A Spearman’s rank-order correlation was used to determine the correlation between log10 viral loads in serum and heart after SAV3 infection from Medium and High dose using Statistica 12 (StatSoft, Inc., OK, USA). Data from the Low dose was not included as very few SAV3-positive samples were detected.
Fulton’s condition factor (K-factor) was calculated using the following formula, K-factor = 100 × weight (g)/[fork length (cm)]3, A t test was performed to analyze differences between K-factors using Statistica 12.

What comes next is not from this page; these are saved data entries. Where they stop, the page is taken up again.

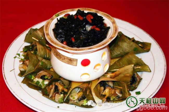 特色: 石耳燉老鱉 特點(diǎn):湯清、味鮮香、鱉酥爛,具有清涼驅(qū)火之功效。天柱農(nóng)家臘肉 農(nóng)家臘味——柴火蒸臘肉(當(dāng)?shù)剞r(nóng)人自養(yǎng)的黑公豬肉)
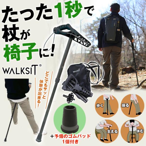 WALKSIT +予備のゴムパッド1個付き ウォーキングステッキ 椅子になる杖 座れる杖 チェア一体型 杖 一本杖 一脚杖 スツール 椅子 イス トレッキングポール
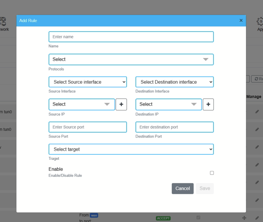 This section allows you to add custom Firewall Rules and Set Priority.

The estimated virus shedding rate in each experimental tank was calculated from virus titre, as measured by the end-point dilution assay, using the formula given below. This estimation is presented in units of TCID50 h−1 kg−1. The virus titre in the sample was back-calculated to the concentration in each of the experimental tanks using a concentration factor. The calculation was based on the following assumptions: virus was being constantly shed by fish in the population; virus particles were equally distributed in the seawater; the flow rate was constant; and the virus recovery from seawater samples was close to 100%. The virus titre in the sample was first calculated as described below. The flow rate and biomass in the tank were also taken into account in the final calculation.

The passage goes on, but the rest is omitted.